● Task details: Only one stretch of the data below is wanted: the lines starting at the one with "Make it shine" and ending at the one with "此外,我们还发现并协助 OpenClaw 修复了", both included, given again exactly.

● Records to use:
== Segment start ==
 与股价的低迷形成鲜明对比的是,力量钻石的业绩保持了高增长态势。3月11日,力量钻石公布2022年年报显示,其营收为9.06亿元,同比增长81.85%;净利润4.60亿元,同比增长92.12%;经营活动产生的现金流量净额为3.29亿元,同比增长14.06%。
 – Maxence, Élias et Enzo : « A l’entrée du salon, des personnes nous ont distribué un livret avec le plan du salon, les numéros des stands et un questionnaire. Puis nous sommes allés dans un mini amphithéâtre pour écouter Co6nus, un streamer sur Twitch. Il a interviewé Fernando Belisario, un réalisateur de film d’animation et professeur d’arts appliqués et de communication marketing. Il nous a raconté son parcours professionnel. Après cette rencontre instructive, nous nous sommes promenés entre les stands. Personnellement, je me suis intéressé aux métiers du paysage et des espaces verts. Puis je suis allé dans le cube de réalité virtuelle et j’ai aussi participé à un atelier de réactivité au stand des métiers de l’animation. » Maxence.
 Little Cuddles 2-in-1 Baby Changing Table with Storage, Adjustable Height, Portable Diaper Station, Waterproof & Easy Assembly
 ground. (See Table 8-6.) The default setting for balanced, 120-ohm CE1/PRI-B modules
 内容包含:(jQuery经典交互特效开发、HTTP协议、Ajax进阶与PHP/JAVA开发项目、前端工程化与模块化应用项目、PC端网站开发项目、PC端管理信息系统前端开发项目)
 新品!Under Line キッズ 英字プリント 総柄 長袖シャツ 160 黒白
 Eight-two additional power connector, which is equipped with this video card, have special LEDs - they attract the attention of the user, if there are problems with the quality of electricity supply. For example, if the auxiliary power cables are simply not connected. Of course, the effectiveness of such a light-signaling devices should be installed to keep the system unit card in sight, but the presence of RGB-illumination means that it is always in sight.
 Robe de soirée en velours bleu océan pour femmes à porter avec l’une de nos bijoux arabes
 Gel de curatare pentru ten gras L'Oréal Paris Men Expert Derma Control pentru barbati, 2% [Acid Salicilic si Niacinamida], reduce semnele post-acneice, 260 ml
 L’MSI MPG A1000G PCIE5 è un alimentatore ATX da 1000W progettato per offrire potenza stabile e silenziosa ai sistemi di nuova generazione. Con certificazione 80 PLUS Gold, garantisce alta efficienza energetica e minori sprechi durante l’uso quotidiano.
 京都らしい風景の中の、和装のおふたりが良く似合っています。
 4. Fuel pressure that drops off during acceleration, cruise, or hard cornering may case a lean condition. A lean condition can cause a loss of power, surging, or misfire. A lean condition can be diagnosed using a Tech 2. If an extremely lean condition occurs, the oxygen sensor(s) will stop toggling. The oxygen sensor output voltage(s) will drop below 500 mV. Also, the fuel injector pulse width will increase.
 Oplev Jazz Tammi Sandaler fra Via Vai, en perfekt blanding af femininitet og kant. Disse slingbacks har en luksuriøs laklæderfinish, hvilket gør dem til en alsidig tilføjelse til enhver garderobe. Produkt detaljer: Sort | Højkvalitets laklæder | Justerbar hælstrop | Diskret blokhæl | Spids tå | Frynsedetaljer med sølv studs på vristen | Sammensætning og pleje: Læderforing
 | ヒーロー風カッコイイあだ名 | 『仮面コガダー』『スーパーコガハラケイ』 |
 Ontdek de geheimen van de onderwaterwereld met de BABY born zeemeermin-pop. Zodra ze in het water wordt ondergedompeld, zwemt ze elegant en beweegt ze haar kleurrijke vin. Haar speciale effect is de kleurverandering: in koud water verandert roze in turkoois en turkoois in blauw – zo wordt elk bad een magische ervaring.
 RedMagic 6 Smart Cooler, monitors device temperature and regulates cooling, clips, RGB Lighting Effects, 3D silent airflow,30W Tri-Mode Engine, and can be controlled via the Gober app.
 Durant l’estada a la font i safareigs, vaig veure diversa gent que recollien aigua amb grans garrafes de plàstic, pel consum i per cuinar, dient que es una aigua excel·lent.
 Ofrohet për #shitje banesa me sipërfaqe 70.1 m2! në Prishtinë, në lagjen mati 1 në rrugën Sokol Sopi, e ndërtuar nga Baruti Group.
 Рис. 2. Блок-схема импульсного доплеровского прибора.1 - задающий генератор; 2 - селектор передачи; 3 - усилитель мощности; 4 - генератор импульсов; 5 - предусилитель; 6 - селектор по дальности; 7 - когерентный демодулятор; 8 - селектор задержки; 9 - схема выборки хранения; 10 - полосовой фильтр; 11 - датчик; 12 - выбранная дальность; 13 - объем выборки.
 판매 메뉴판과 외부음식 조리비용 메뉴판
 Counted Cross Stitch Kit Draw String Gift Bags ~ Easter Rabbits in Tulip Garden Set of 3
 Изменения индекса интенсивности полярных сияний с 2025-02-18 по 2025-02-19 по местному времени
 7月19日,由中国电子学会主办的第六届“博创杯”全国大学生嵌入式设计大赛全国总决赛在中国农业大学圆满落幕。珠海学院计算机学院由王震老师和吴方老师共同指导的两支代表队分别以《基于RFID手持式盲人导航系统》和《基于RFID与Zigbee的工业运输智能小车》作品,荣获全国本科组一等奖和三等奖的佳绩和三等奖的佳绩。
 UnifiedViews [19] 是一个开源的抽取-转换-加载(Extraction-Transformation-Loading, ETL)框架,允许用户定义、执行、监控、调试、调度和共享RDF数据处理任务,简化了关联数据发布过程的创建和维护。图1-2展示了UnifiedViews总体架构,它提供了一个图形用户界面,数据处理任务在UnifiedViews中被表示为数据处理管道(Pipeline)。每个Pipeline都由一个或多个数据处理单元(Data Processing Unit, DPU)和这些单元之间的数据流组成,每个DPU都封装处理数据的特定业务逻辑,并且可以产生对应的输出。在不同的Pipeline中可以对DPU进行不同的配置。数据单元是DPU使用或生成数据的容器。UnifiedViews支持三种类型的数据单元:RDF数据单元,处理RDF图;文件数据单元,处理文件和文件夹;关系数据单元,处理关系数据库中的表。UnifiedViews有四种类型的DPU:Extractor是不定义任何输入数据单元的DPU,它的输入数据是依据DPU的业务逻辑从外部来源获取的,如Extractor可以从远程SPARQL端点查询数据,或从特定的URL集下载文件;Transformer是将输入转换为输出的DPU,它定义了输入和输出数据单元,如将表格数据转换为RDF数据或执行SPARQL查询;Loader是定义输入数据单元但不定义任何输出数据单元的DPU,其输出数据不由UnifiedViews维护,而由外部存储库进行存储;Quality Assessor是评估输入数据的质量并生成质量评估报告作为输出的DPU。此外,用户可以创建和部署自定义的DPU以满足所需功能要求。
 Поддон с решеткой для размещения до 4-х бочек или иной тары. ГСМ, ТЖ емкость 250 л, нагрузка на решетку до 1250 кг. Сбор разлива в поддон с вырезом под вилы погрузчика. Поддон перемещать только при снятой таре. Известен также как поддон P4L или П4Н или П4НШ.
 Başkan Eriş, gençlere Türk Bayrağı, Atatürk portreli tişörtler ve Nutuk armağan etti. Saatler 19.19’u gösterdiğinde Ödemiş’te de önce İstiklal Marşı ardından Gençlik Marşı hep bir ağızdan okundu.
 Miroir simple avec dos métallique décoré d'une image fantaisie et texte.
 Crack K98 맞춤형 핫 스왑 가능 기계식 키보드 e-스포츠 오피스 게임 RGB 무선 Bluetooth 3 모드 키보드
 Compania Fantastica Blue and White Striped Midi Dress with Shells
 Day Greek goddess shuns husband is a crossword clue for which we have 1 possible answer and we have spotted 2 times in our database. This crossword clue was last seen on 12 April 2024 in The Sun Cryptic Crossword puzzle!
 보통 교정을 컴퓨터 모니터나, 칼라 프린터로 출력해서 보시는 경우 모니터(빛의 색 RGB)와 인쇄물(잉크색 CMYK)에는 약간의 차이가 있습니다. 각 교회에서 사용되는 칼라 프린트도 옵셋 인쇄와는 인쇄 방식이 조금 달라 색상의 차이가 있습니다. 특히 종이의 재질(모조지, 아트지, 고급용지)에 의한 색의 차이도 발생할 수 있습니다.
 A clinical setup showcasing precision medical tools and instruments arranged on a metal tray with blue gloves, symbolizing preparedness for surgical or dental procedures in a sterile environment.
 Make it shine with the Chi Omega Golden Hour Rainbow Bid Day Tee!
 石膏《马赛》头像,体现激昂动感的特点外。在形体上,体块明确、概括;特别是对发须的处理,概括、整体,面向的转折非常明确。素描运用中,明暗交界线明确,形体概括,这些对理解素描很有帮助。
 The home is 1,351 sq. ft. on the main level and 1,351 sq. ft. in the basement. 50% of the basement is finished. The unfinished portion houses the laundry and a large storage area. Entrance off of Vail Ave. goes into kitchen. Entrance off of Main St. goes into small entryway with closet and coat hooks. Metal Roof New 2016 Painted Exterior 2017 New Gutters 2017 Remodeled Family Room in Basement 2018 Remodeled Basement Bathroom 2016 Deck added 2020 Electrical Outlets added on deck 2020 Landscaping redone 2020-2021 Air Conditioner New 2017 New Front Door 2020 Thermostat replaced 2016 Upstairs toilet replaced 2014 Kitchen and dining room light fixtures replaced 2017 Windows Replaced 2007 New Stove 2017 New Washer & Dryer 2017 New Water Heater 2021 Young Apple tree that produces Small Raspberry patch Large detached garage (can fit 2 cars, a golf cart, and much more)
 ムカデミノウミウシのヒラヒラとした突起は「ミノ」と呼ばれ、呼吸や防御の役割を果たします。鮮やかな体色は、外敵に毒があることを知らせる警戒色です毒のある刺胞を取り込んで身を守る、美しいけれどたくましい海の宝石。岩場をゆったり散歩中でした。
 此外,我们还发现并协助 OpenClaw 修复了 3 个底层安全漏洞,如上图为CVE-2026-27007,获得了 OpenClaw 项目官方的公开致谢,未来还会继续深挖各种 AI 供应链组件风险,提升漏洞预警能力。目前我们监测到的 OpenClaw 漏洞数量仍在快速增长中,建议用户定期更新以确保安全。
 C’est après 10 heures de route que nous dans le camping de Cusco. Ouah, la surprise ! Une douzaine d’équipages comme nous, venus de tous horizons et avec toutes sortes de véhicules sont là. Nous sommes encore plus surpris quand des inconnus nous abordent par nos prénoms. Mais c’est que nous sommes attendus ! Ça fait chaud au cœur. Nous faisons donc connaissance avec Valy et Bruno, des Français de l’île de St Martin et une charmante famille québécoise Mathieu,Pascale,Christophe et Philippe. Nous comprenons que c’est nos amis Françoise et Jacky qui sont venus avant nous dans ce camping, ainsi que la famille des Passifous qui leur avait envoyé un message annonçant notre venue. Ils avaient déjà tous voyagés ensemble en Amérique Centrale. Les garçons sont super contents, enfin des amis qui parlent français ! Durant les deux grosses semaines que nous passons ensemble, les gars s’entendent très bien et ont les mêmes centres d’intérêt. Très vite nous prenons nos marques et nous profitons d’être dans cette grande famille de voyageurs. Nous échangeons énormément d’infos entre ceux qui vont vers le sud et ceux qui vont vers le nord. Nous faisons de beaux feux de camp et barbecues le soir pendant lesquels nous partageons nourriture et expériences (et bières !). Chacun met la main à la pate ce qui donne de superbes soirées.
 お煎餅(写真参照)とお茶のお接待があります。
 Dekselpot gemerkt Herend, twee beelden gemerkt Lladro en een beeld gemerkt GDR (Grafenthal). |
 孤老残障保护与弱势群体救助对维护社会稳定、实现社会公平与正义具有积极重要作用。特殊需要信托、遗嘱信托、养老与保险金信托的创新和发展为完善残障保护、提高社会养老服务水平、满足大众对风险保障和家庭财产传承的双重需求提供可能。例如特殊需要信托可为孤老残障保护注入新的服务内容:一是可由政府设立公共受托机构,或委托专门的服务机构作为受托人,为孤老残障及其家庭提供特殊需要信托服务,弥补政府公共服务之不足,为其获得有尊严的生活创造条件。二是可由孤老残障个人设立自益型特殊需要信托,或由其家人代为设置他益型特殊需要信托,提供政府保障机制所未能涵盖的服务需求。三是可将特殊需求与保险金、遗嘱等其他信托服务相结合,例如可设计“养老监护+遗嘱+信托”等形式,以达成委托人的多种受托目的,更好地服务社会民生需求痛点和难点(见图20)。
== Segment end ==
● Task solution:
 Make it shine with the Chi Omega Golden Hour Rainbow Bid Day Tee!
 石膏《马赛》头像,体现激昂动感的特点外。在形体上,体块明确、概括;特别是对发须的处理,概括、整体,面向的转折非常明确。素描运用中,明暗交界线明确,形体概括,这些对理解素描很有帮助。
 The home is 1,351 sq. ft. on the main level and 1,351 sq. ft. in the basement. 50% of the basement is finished. The unfinished portion houses the laundry and a large storage area. Entrance off of Vail Ave. goes into kitchen. Entrance off of Main St. goes into small entryway with closet and coat hooks. Metal Roof New 2016 Painted Exterior 2017 New Gutters 2017 Remodeled Family Room in Basement 2018 Remodeled Basement Bathroom 2016 Deck added 2020 Electrical Outlets added on deck 2020 Landscaping redone 2020-2021 Air Conditioner New 2017 New Front Door 2020 Thermostat replaced 2016 Upstairs toilet replaced 2014 Kitchen and dining room light fixtures replaced 2017 Windows Replaced 2007 New Stove 2017 New Washer & Dryer 2017 New Water Heater 2021 Young Apple tree that produces Small Raspberry patch Large detached garage (can fit 2 cars, a golf cart, and much more)
 ムカデミノウミウシのヒラヒラとした突起は「ミノ」と呼ばれ、呼吸や防御の役割を果たします。鮮やかな体色は、外敵に毒があることを知らせる警戒色です毒のある刺胞を取り込んで身を守る、美しいけれどたくましい海の宝石。岩場をゆったり散歩中でした。
 此外,我们还发现并协助 OpenClaw 修复了 3 个底层安全漏洞,如上图为CVE-2026-27007,获得了 OpenClaw 项目官方的公开致谢,未来还会继续深挖各种 AI 供应链组件风险,提升漏洞预警能力。目前我们监测到的 OpenClaw 漏洞数量仍在快速增长中,建议用户定期更新以确保安全。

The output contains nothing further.